An Investigation of the Latent Semantic Analysis Technique for Document Retrieval
Abstract
Latent semantic analysis (LSA) application in information retrieval promises to offer
better performance by overcoming some limitations that plagues traditional termmatching
techniques. These term-matching techniques have always relied on
matching query terms with document terms to retrieve the documents having terms
matching the query terms. However, by use of these traditional retrieval techniques,
users’ needs have not been adequately served. While users want to search through
information based on conceptual content, natural languages have limited the
expression of these concepts. They present synonymy problem (a situation where
several words may have the same meaning) and polysemy problem (a situation
where a word may have several meanings). Due to these natural language
problems, individual words contained in users’ queries, may not explicitly specify the
intended user’s concept, which may result in the retrieval of some irrelevant
documents. LSA seems to be a promising technique in overcoming these natural
language problems especially synonymy problem.

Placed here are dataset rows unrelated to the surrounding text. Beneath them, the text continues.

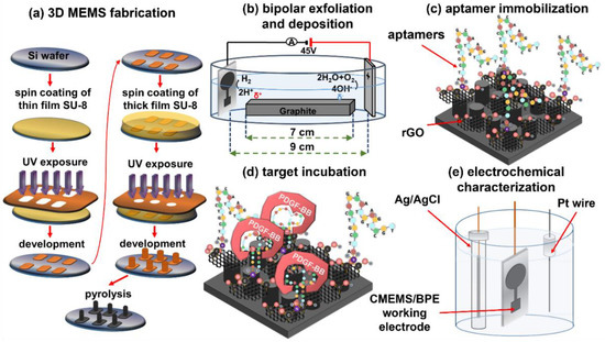 Previous studies have thoroughly discussed the deployed aptasensor development [14,15]. The process includes activating the amino-tags of aptamers in a solution of 20 mg mL−1 EDC and 10 µL of 20 mg mL−1 NHS and immobilizing the aptamers via the drop-casting method. After 2 h of incubation, electrodes were washed thoroughly in DI water to wash away freestanding aptamers. The remaining blank areas were covered with the aqueous solution of 0.1 M PBS + 1% (v:v) Tween-20 to reduce the non-selective physical adsorption of interference agents. The aptamer immobilized electrodes (designated as C-MEMS/rGO/Apt) (Figure 1c) were washed with DI water for 5 min and stored in 0.1 M TE buffer in the refrigerator (4 °C) when not in use.
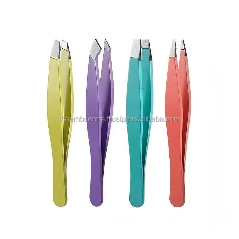Pinzas Profesionales Negras de Acero Inoxidable para Cejas, Punta Plana Inclinada, Depilación, 1 Unidad
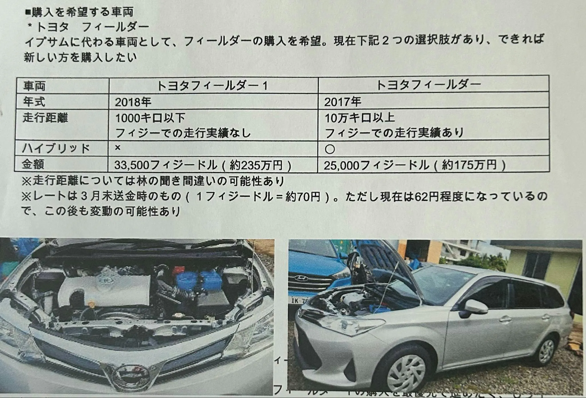 フィジーの大切な仲間たちのために、どうしても必要な車を届けたい。
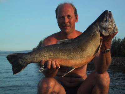 Erik Ovnerud fra Jevnaker tok en røye på 4,03 kilo på wobbler under trollingfiske i Randsfjorden i slutten av juni 2001 etter 100 timers fiske!
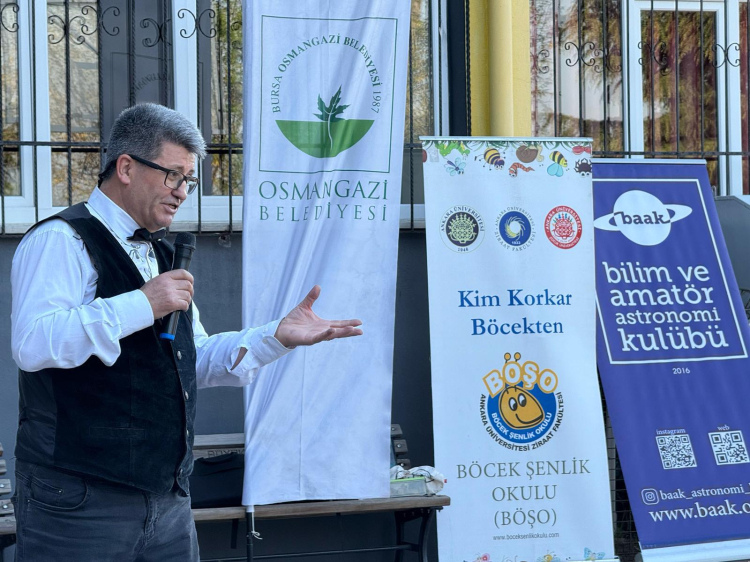 Bilim ve Amatör Astronomi Kulübü (BAAK) Derneği yönetimi üyesi Canan Bilgi’nin moderatörlüğünü yaptığı “Osmangazi Bilim Buluşmaları” etkinliği, Büyük Önder Mustafa Kemal Atatürk ve aziz şehitlerimiz anısına yapılan saygı duruşu ve İstiklal Marşı’nın okunmasıyla başladı. Etkinliğe katılan Ankara Üniversitesi Böcek Bilimci Prof. Dr. Cem Özkan, bilgisi, heyecanı ve performansı ile katılımcılara eğlenceli bir öğrenme ortamı sundu. Yapılması planlanan teleskopla gökyüzü gözlemi, hava muhalefeti nedeniyle gerçekleştirilemedi.
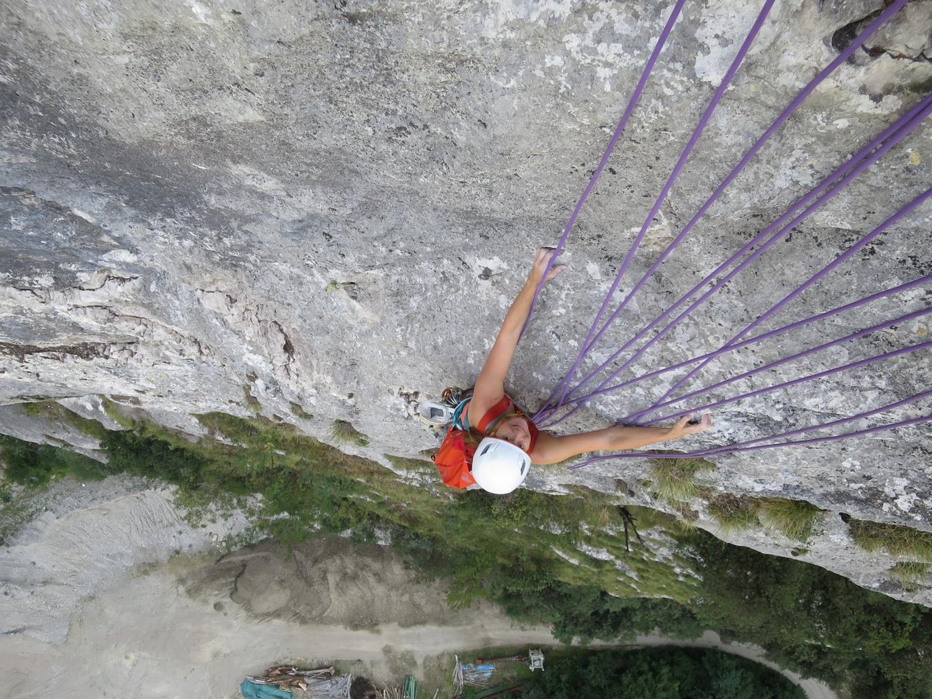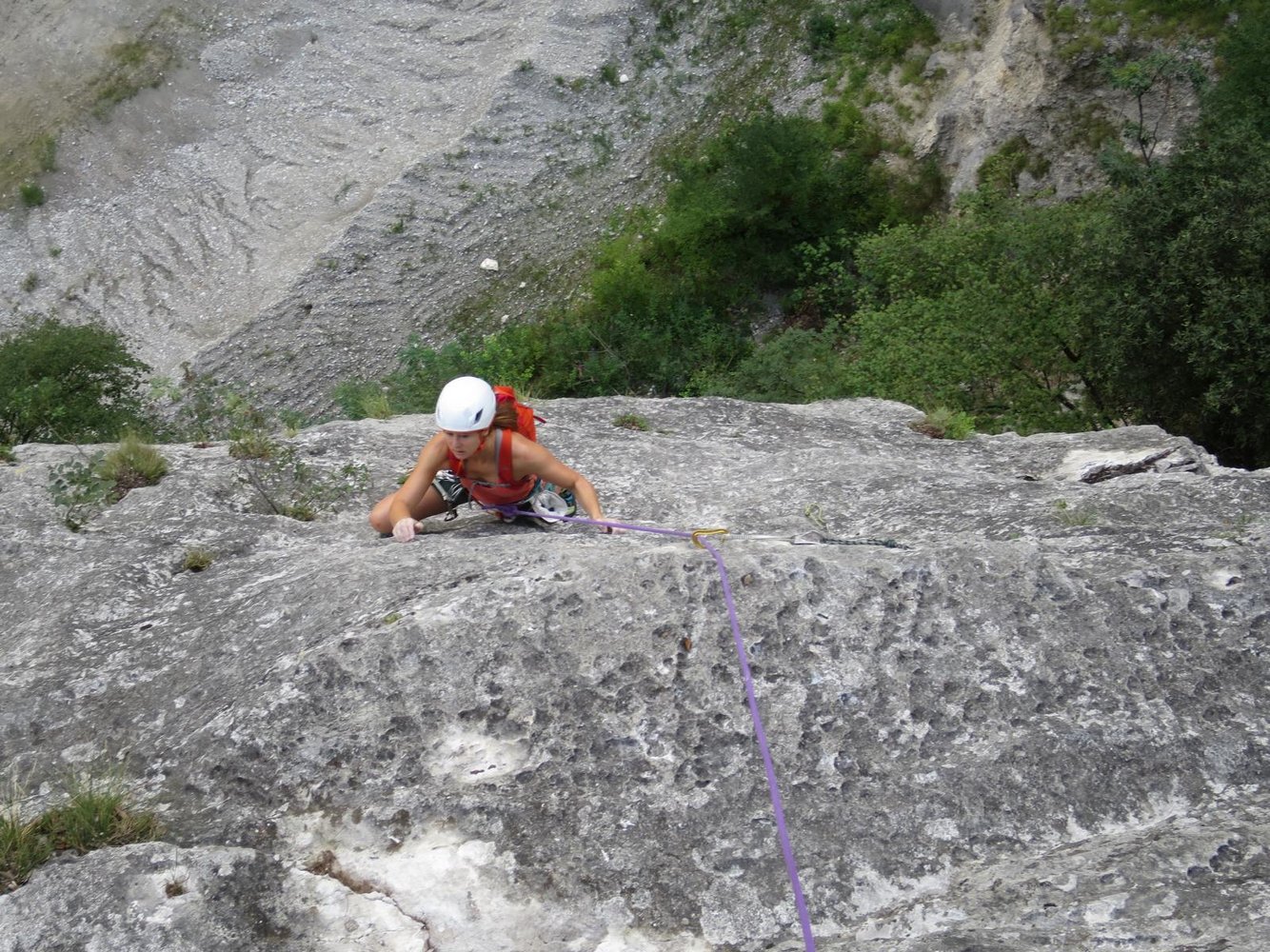 Die Tour ist gut, mit wenigen Bolts, vielen Sanduhren und einigen Normalhaken gesichert. Die zwei Runouts kann man mit Cams Gr. 1-2 oder Rocks gut entschärfen.
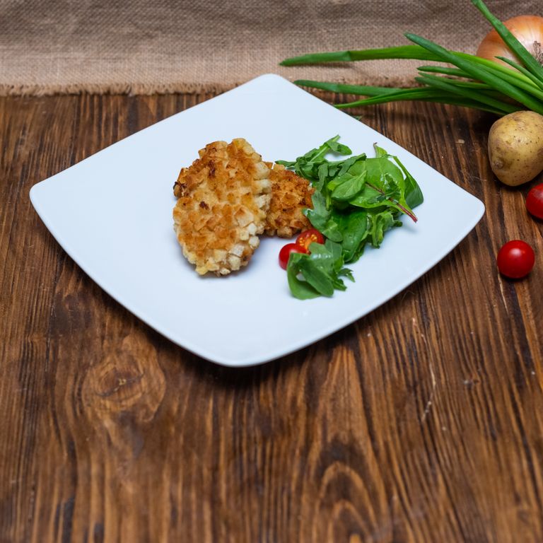 Нежная куриная котлета со сливочным маслом в хрустящих белых греночках, подаются с салатными листьями и помидором черри
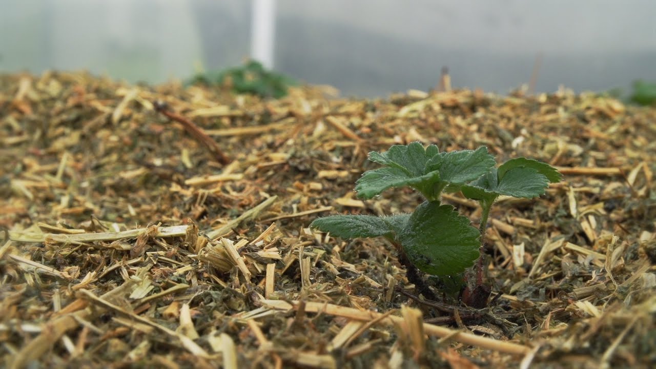 Dig a trench where you’re going to plant your strawberries, place animal manure (chicken poo, sheep pellets, horse or cow poo) into the trench and then mound the soil over the manure in the trench. It’s not until the plant is several weeks old and the roots of the plant reach down to the animal manure, that they get a nitrogen burst, exactly when leaf growth needs a boost.
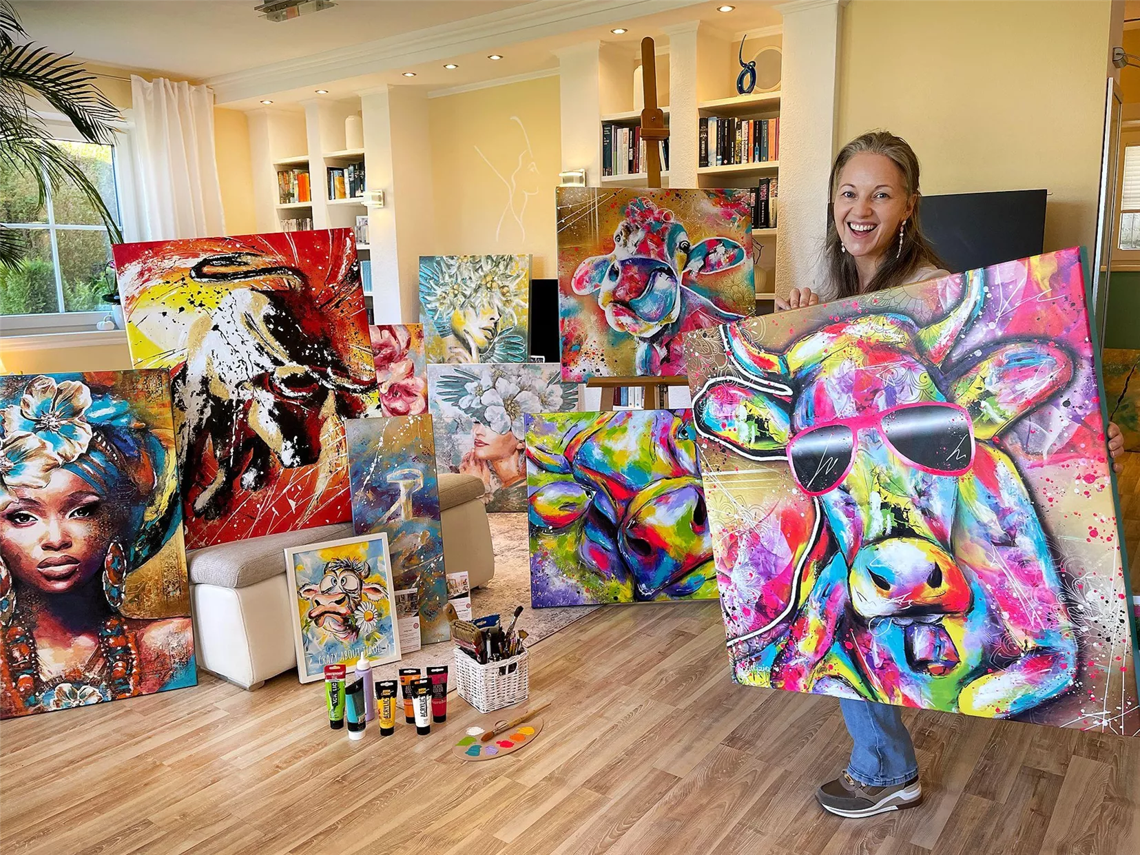 Quirky, cheerful, and with a wink – this is how the cheeky Pop Art cows and floral women's portraits of the Tyrolean artist Mag. Sabine-Delizia Egger are presented here in Seefeld.
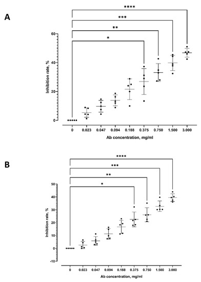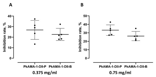 We compared the parasite invasion inhibition exerted by anti-PkAMA-1-DII-P and anti-PkAMA-1-DII-B antibodies. Among the antibody concentration points that exerted significant parasite merozoite invasion (0.375, 0.75, 1.5, 3.0 mg/mL), a significant difference was found at 3.0 mg/mL, where anti-PkAMA-1-DII-P antibody exerted higher inhibition on the erythrocyte invasion (mean inhibition rate of 46.81%) than anti-PkAMA-1-DII-B (mean inhibition rate of 39.45%) (Figure 3A–D). Of the five biological replicates conducted, anti-PkAMA-1-DII-P recorded 42.41% and 50.97% as the lowest and highest invasion inhibition rate, respectively. On the other hand, the highest and lowest inhibition recorded in experiments conducted with anti-PkAMA-1-DII-B was 36.06% and 43.92%, respectively.

It deals with exploiting the global
relationships between terms and documents and then mapping these documents
and terms in a proximity space, where terms and documents that are closely related
are mapped close to each other in this space. Queries are then mapped to this
space with documents being retrieved based on similarity measures. In this report,
LSA performance in documents retrieval is investigated and compared with
traditional term-matching techniques.